Pandas: SettingWithCopyWarning

Jason picture Jason · Apr 11, 2014 · Viewed 34.7k times · Source

I'd like to replace values in a Pandas DataFrame larger than an arbitrary number (100 in this case) with NaN (as values this large are indicative of a failed experiment). Previously I've used this to replace unwanted values:

sve2_all[sve2_all[' Hgtot ng/l'] > 100] = np.nan

However, I got the following error:

-c:3: SettingWithCopyWarning: A value is trying to be set on a copy of a slice from a DataFrame.
Try using .loc[row_index,col_indexer] = value instead
C:\Users\AppData\Local\Enthought\Canopy32\User\lib\site-packages\pandas\core\indexing.py:346: SettingWithCopyWarning: A value is trying to be set on a copy of a slice from a DataFrame.
Try using .loc[row_index,col_indexer] = value instead
self.obj[item] = s

From this StackExchange question, it seems that sometimes this warning can be ignored, but I can't follow the discussion well enough to be certain whether this applies to my situation. Is the warning basically letting me know that I'll be overwriting some of the values in my DataFrame?

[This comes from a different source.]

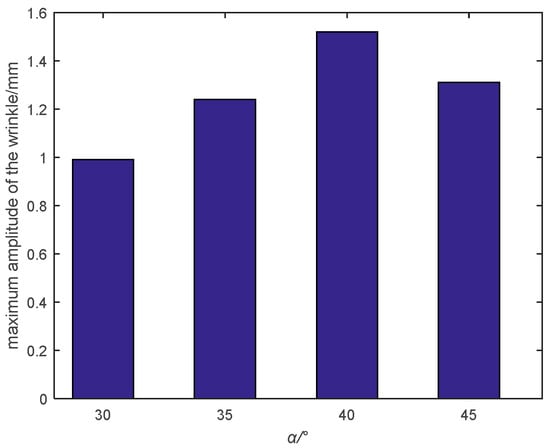 The variation of the maximum amplitude of the wrinkle with the direction of the force is shown in Figure 19. When , the maximum amplitude of the wrinkle is 1.24 mm, and the error is 40% compared to 1.74 mm in the simulation analysis results. With the increase in ,the force direction gradually approaches the edge of the membrane, and so the membrane is more prone to buckling and forming wrinkles, resulting in the increase in amplitude. However, since the edge hemming of the membrane adopts a manual viscose, when , the force direction is too close to the edge and the wrinkle is affected by the edge hemming, and so the wrinkling amplitude does not continue to increase, but decreases instead.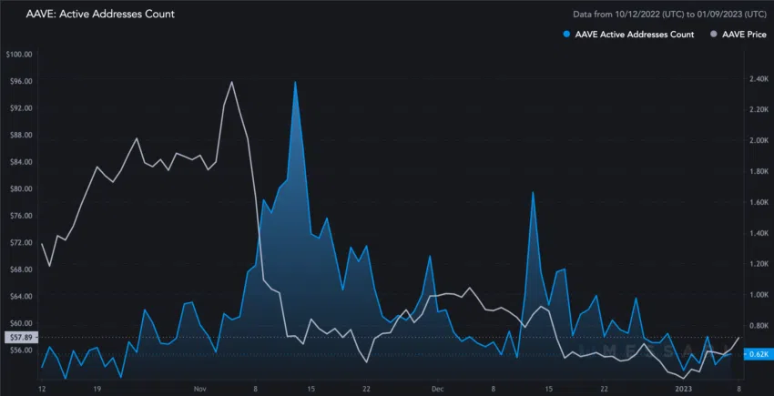 เมื่อดูจำนวน Active Address (ที่อยู่ของกระเป๋าเงินที่มีความเคลื่อนไหวในช่วงระยะเวลาที่กำหนด) ของ Aave ในช่วง 90 วันที่ผ่านมาก็จะเห็นได้ว่ามันลดลงอย่างต่อเนื่อง ราคาและจำนวน Active Address นั้นพุ่งสูงสุดในช่วงเดือนพฤศจิกายนและอีกครั้งในช่วงกลางเดือนธันวาคม แต่จนถึงปี 2023 ก็เริ่มนิ่งลงแล้ว สำหรับ Aave การเพิ่มขึ้นของ Active Address จะช่วยเพิ่มราคาของโทเค็นได้อย่างรวดเร็ว

Edit: As far as I can tell, everything behaved as it should. As a follow up is my method of replacing values non-standard? Is there a better way to replace values?

Answer

Andy Hayden picture Andy Hayden · Apr 11, 2014

As suggested in the error message, you should use loc to do this:

sve2_all.loc[sve2_all['Hgtot ng/l'] > 100] = np.nan

The warning is here to stop you modifying a copy (here sve2_all[sve2_all[' Hgtot ng/l'] > 100] is potentially a copy, and if it is then any modifications would not change the original frame. It could be that it works correctly in some cases but pandas cannot guarantee it will work in all cases... use at your own risk (consider yourself warned! ;) ).